A little over a week ago I had my first face-to-face interview in D.C., and my nerves were a wreck.
This interview was much bigger than what I have done for my campus newspaper. It wasn’t with one of the professors I pass every day in the hallways of my university or another Christian studies major praising the musical talent of Mumford & Sons. I was going to sit down with Ingrid Betancourt, a Colombian presidential candidate who spent six-and-a-half years captured by a guerrilla force in the Colombian jungle. She’s a woman with a haunting yet amazing story.
Of course, Murphy’s Law, that morning in my office was hectic and time-crunched. I had more things to do that day than I had yet to encounter and less time to accomplish them. I also had not eaten breakfast and there was no time for lunch!
My mind was whirring with questions and worries as I walked toward our meeting place, the Fairmont Hotel. When I got there, where exactly was I supposed to meet her? How would I know when she arrived?

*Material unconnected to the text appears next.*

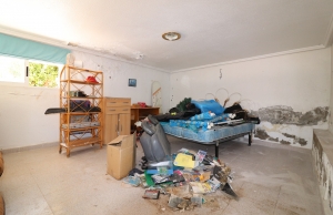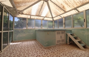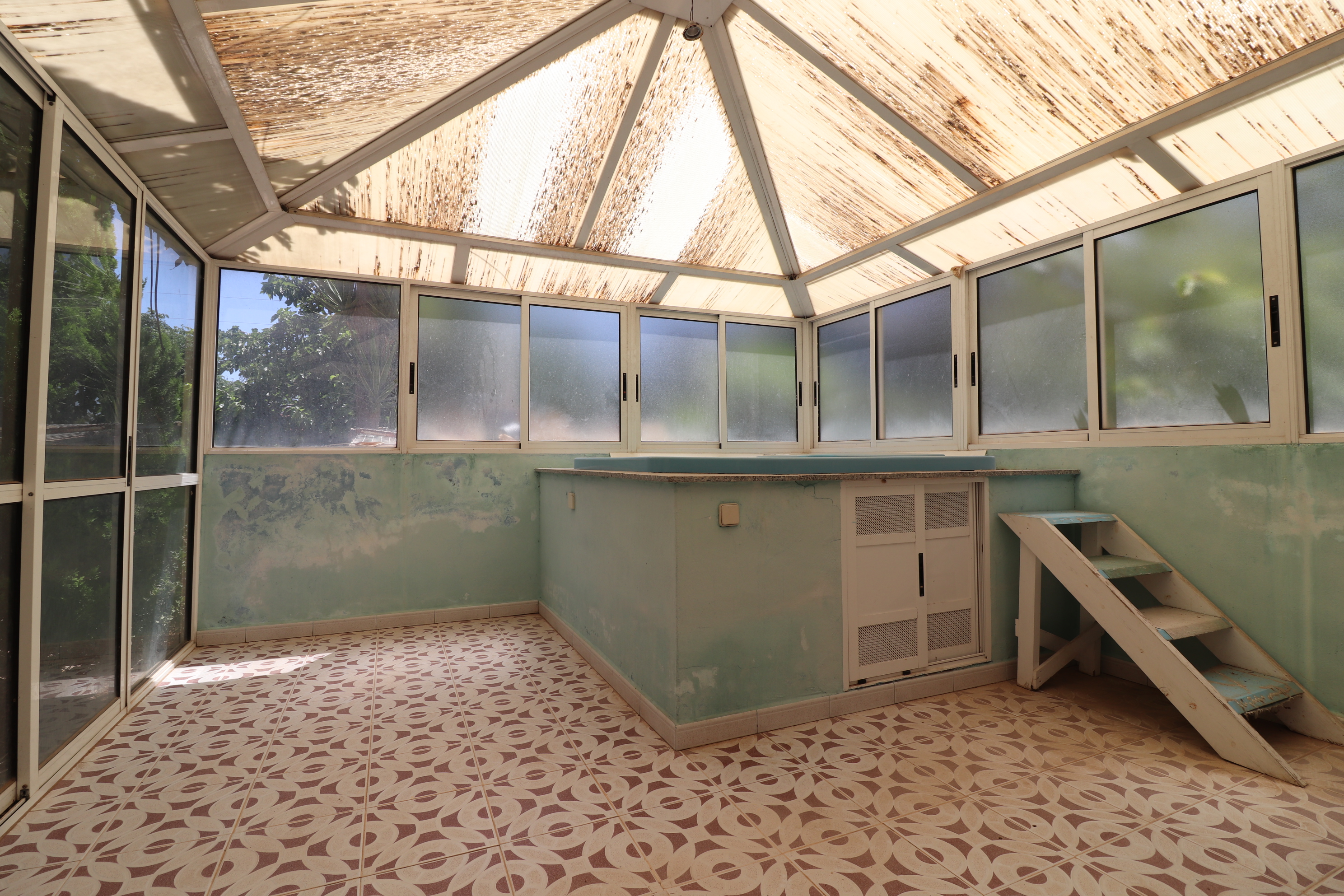 Outside is a stunning sized plot of some 965m2, with lots of potential, and work needed, currently graveled and tiled, with ample off road parking under the car port, a private glazed Jacuzzi area, water well, plenty of space to dine, sit, relax, BBQ and entertain outdoors, but most importantly lots of potential!

Did I look professional enough or was it obvious I was some college student new on the job? Would she take me seriously? Would I offend her with my questions? And the list went on.
I finally arrived at the swanky hotel with 10 minutes to spare, and I could picture all the fabulous people that had stayed there. So now on top of my interview anxieties, I was overwhelmed with soaking up the grandeur of this place. (You see, at home we’re more of a Holiday Inn Express kind of family.)
Eventually, I met Betancourt — with the help of her kind media contact, of course — on the outdoor patio. Once our question-and-answer session began, most of my worries fluttered away. She answered my questions with a soft French accent between bites of her colorful salad. At the end of the interview, she assured me that I did very well. We even parted with a hug.